Dimitar Shterionov: Neural Quality Estimation as a Bridge for Human-Computer Translation Symbiosis

Abstract:

Quality estimation (QE) of machine translation (MT), the task of predicting the quality of an MT output without human references, is particularly suitable in dynamic translation workflows, where translations need to be assessed continuously with no specific reference provided. In typical use-cases QE can provide an indication about whether to accept or post-edit a translation. In such workflows it is not only important how good the QE is but also its efficiency as well as the confidence in its predictions. This talk will cover different QE approaches and assess their applicability in an industry-established workflow. It will present their differences, benefits and drawbacks as well as the implementation and/or integration efforts required.

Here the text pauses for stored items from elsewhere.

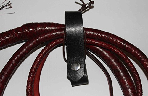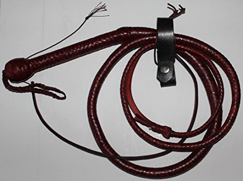 All of our bullwhips are made by hand from high quality cowhide leather and include 1 factory applied leather dressing, leather belt holder, spare fall and 5 crackers (poppers). A bullwhip consists of a handle section, a thong, a fall, and a cracker. The main portion of the bullwhip's length is made up of a braided body or thong. Made of many strips of leather, the number of braids or plaits is an important factor in the construction of the whip. Unlike in the stock whip, the thong connects in line with the handle (rather than with a joint), or sometimes completely covers the handle. The handle is usually short, being between 8 and 12 inches long. The internal structure is now hard wearing nylon which is chain loaded for optimum balance. This helps maintain the whips fast and positive action while making it less susceptible to stretch or creep during the breaking in. Our whips are fantastic value for money and of a quality you would generally have to spend at least twice the amount to come close to. Talk is cheap as they say, we can tell you how good our products are and competitors can tell you the same but we put our money where our mouth is and offer a NO QUIBBLE MONEY BACK GUARANTEE, not many other suppliers are prepared to do this. If you are not happy with the quality of your whip when you receive it simply contact us and post it back to us within 14 working days, on receipt we will refund the full price of your whip and any accessories purchased. This is not a gimic this is a serious commitment to customer service as we are sure you will be amazed at the quality and value for money and offering this guarantee gives you complete peace of mind when you place your order. On top of the money back guarantee we also offer a full 12 month repair service. Should your bullwhip fail in the course of 'normal' use and you do not continue to use it while damaged we will repair or replace it free of charge you simply pay for the shipping.
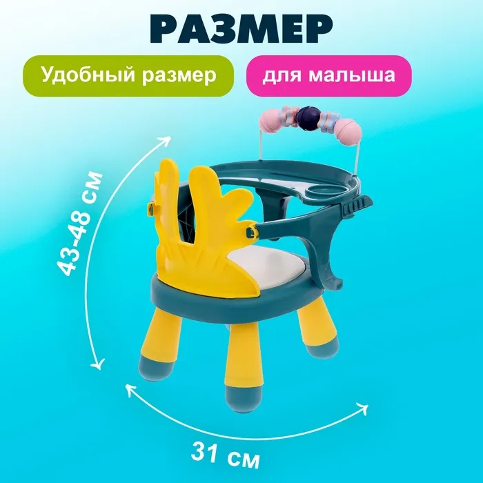 Развивающий стульчик 4 в 1 «Весёлый малыш» подходит для кормления, весёлых игр, а также для отдыха малыша. Яркие разноцветные игрушки способствуют развитию моторики, логического мышления и концентрации ребёнка.
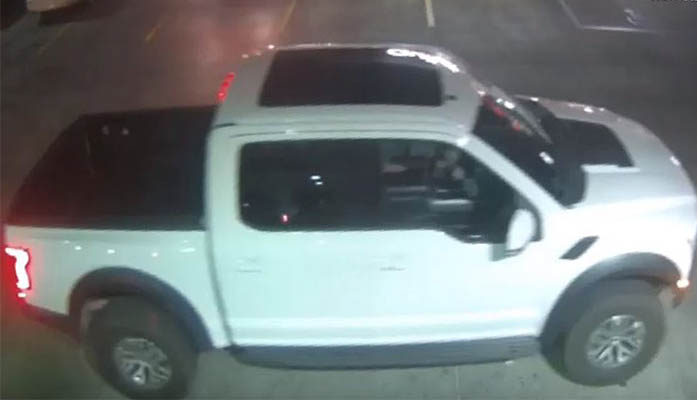 Suspect is driving a white and black 4 door Ford Raptor with a sunroof.
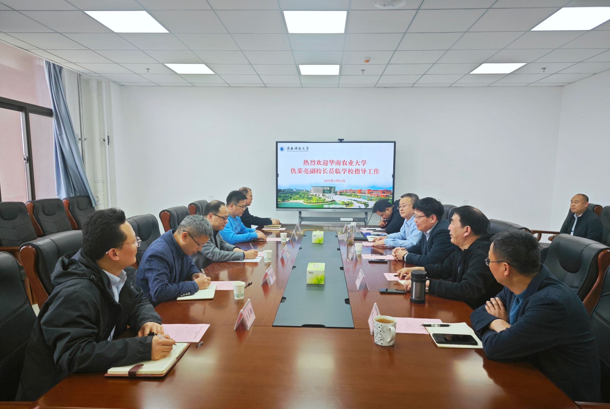 陸趙情對(duì)仇榮亮的來(lái)訪表示熱烈歡迎,簡(jiǎn)要介紹了學(xué)校辦學(xué)歷史、行業(yè)區(qū)域特色、人才引育、學(xué)科專業(yè)建設(shè)、科學(xué)研究等方面的情況,希望兩校能以此次交流為契機(jī),促進(jìn)資源共享、加強(qiáng)合作、深化友誼,共同推進(jìn)兩校事業(yè)高質(zhì)量發(fā)展。仇榮亮對(duì)我校近年來(lái)取得的成績(jī)給予高度肯定,他表示陜科大富于開(kāi)拓精神的辦學(xué)理念令人印象深刻,行業(yè)區(qū)域特色明顯,在發(fā)展思路與學(xué)科方向上均與華南農(nóng)業(yè)大學(xué)有著相似之處,未來(lái)合作潛力巨大。他希望通過(guò)此次交流,加強(qiáng)相關(guān)領(lǐng)域的合作,為雙方共同進(jìn)步作出貢獻(xiàn)。
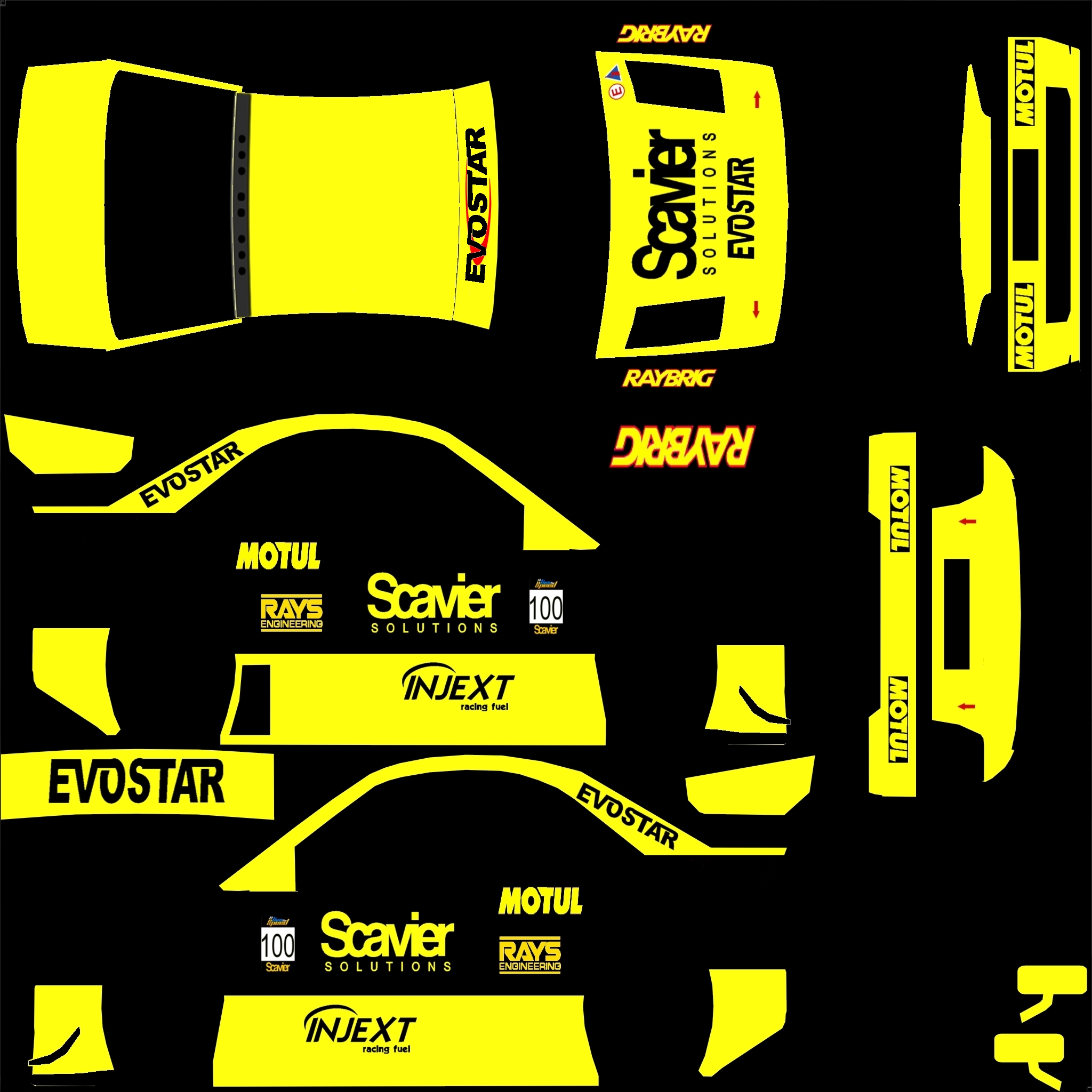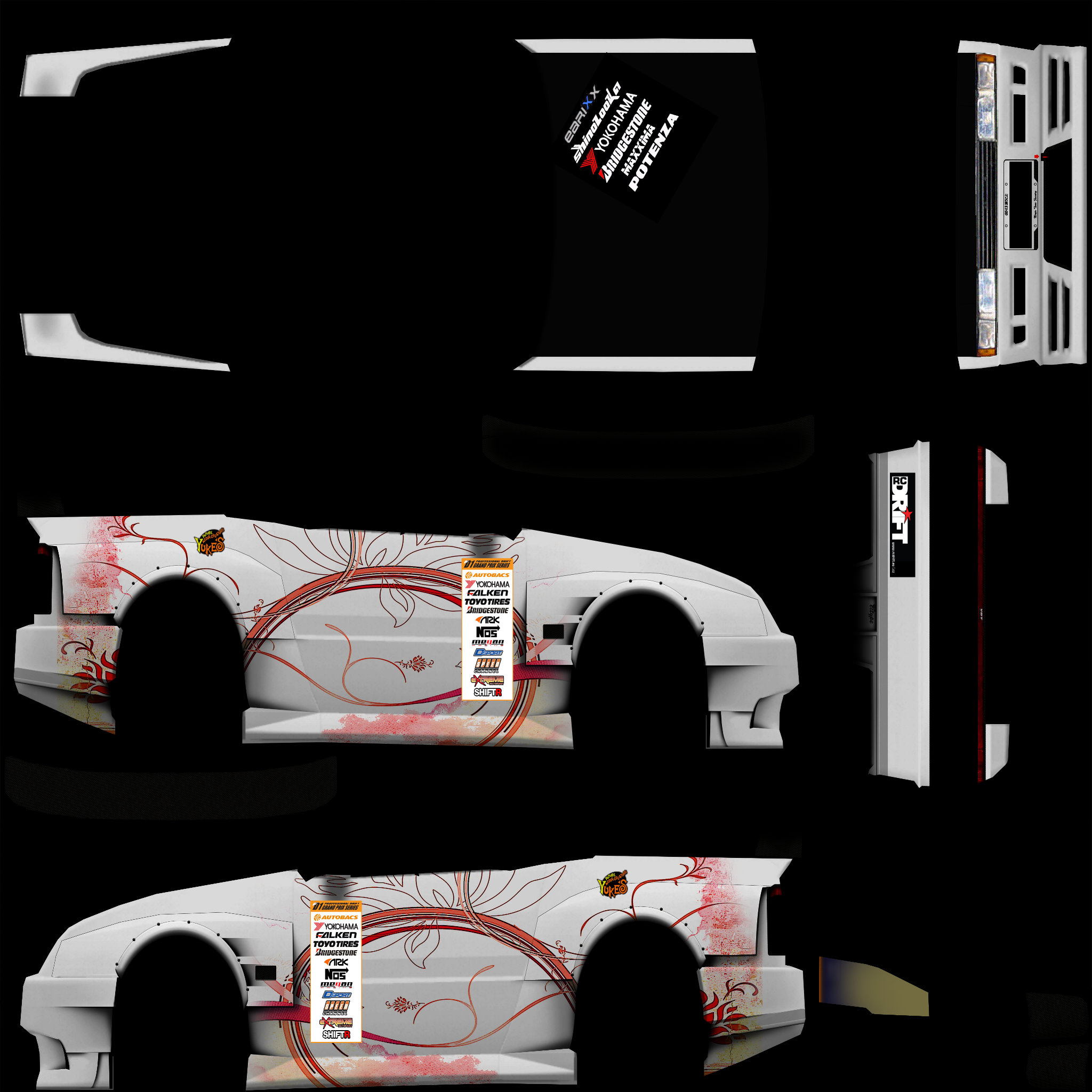 Would someone render this skin for me? If possible with the car twice in one shot from a front and rear angle and normal wheels/tires (those grooved F1 tires look crap on the FBM). Also with a normal background, no fancy scenes and in 1280 x 800 please Thanks alot! (sorry for the low-res skinfile) Attached images
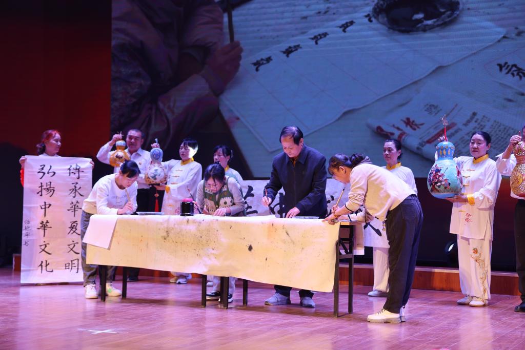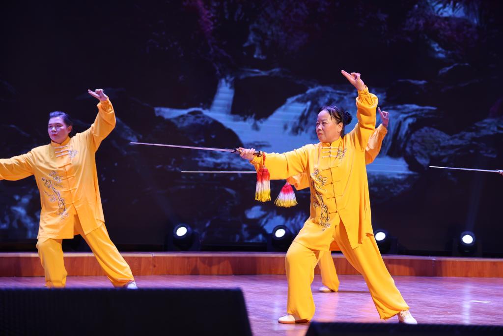 书法展示环节中,学员们现场挥毫泼墨,笔走龙蛇间尽显功底,赢得阵阵掌声;功夫扇《中国功夫》《28式杨式太极扇》刚劲有力,展现了功夫与扇舞的完美融合;太极剑32式、太极柔力球《梦想启航的地方》则展现了老年学员们精湛的技艺与从容的气度;广场舞《快乐健康13步》节奏轻快,充满感染力;合唱《我爱你中国》《走向复兴》《向往》更是将展演推向高潮,合唱队歌声嘹亮、情感真挚,抒发了对祖国的热爱与对美好未来的向往。

QE can be seen as a similarity measure between source and translated texts. Neural networks have been effectively used to convert source and translation in multi-dimensional representations that would facilitate such measurement. Recent advances in pretrained word-embedding models have aided various NLP tasks including QE. We will discuss models such as word2vec, bert, ELMo, and XLNet and how they can be used to boost the performance of QE.

Bio:

Dimitar Shterionov is a computer scientist with expertise in design and development of languages and systems for the Artificial Intelligence domain, with focus on Machine Translation (MT) and Natural Language Processing (NLP). Dimitar has obtained a PhD in computer science engineering from KULeuven in 2015 on the topic of Probabilistic Logic and Learning. After that he moved to industry and joined the team of KantanMT to work on their cloud-based customisable statistical machine translation system. In 2016, he was appointed head of research at KantanMT. His team developed the first cloud-based, customisable and publically available neural machine translation solution, released in early 2017.

In November 2017, Dimitar joined the ADAPT team of Prof Andy Way as a post-doctoral researcher to work on industry-oriented MT and NLP projects.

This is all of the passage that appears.